China’s land ministry will automatically renew residential leases set to expire next year, temporarily dispelling homeowners’ concerns about an erosion of their property rights.
In an announcement at the weekend, the land ministry said that 20-year residential property leases in the eastern city of Wenzhou would be automatically extended without charge, ending speculation that homeowners would face steep renewal fees equivalent to one-third of their property’s value.
Ever since Deng Xiaoping’s landmark economic reforms were introduced in the early 1980s, allowing people to buy land and property for the first time since the 1949 Communist revolution, titles in the world’s most populous country have been limited by fixed-term leases.
The first of these to expire, 20-year leases for residential land in Wenzhou, were a closely watched test of how the renewals would be handled. An earlier suggestion by local officials that renewal fees would be set at one-third of a property’s value sparked an outcry amongst the country’s homeowners, many of whom have become dollar millionaires thanks to the huge run-up in urban real estate prices over recent years.
The intervention by China’s housing minister, Wang Guanghua, highlights the political sensitivity of the issue, especially at a time when middle-class concerns over environmental pollution and an increasingly repressive political climate are exacerbating capital flight.

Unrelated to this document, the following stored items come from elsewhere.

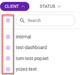 Click Client and select the checkbox for each desired client. Or, to search the emails of all of your clients' end users, select the top check box (next to the Search box).
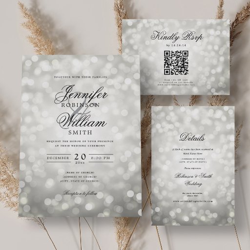 Mariage élégant RSVP Bokeh éclaire Vintage Argent
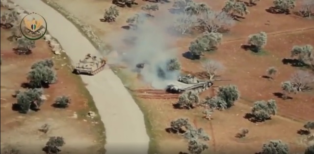 El encuentro entre un carro de combate T-72 sirio y un vehículo de combate de infantería ACV-15, probablemente operado por el HTS (Hayat Tahrir al-Sham, el brazo sirio de Al-Qaida) fue captado por una aeronave no tripulada.
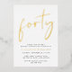 Elevate your 40th birthday party with this chic invitation featuring "forty" in a stylish script and your name in elegant serif typography, rendered in your choice of genuine gold, silver foil or rose gold foil, and the party details in simple, modern lettering.

Separately, China’s parliament at the weekend passed a law introducing fixed-rate emission taxes for the first time. Despite Premier Li Keqiang’s declaration of a “war on pollution” almost three years ago, widespread coal usage across northern China has resulted in frequent “airpocalypses” that have forced local governments to restrict vehicle use, close schools, and implement other emergency measures.
A series of pollution “red alerts” were declared earlier this month after choking smog levels affected an estimated 500m people in China.

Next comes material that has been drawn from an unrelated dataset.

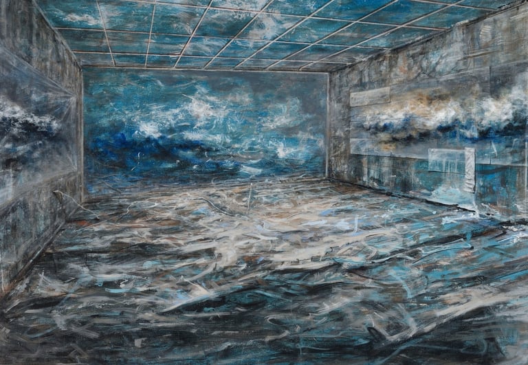 我想,這也是我特別欣賞來自阿根廷的Alberto這位畫家的原因吧。他所描繪的世界,是形而上的,是比天空更深更寬廣的國度;那裡是無拘無束的,那裡是自由自在的。他的靈魂穿越他的畫室,飛翔在自由自在的國度裡。《創造天堂》這一個系列,我覺得很美妙,於他而言,自由自在的世界就是天堂,天堂並非遙不可及,而是可以由自己創造!
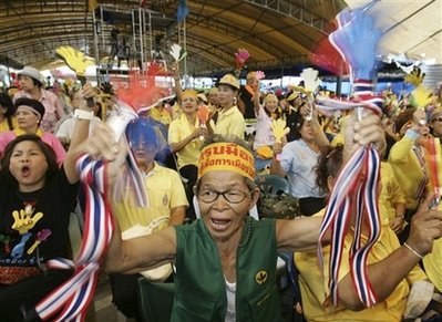 泰国前总理他信因一宗土地交易案,21日被最高法院判刑两年,多位学者建议民盟应该暂停街头示威,民盟核心领袖查隆22日响应表示,示威群众会继续在总理府内抗议,但会把地点集中在总理府。

Environmental degradation and property rights protection are usually ranked as the highest concerns for China’s emerging middle class, whose members have moved billions of dollars offshore to buy residential properties and pay for their children to study overseas.

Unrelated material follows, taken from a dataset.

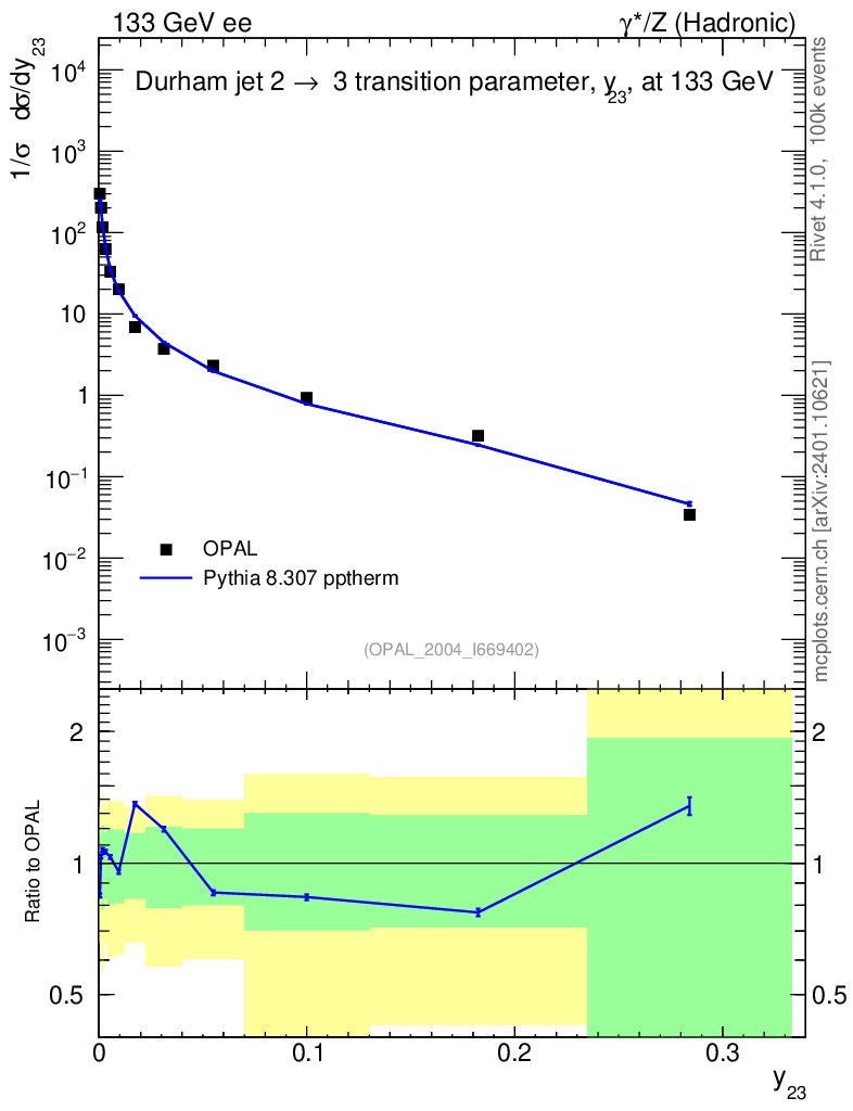 Lines: data, pythia8 8.307 pptherm |
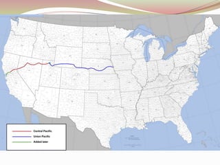 Westward expansion was spurred by mining for gold and silver, cattle ranching on the open range, and farming enabled by the Homestead Act. The Transcontinental Railroad, completed in 1869, connected the country and facilitated westward migration and transport of goods using

Most property leases run for 70 years, making Wenzhou’s looming expirations an exception that could have been left for the local government to handle. But China’s wealthy and middle-class urban homeowners are the ruling Communist party’s most important constituency. Nationwide, 90 per cent of households own their own homes.
Mr Wang’s announcement, however, does not signal a final resolution of the issue. The minister said the government was studying a new law that would regulate lease renewals nationwide.
The shorter lease tenures were introduced in Wenzhou in the 1990s to make properties more affordable.
Nationwide, soaring property prices have forced local governments to introduce a series of measures to reduce speculative buying. A recent central government conference on economic issues for the coming years said that “homes are for living in, not for speculating with”.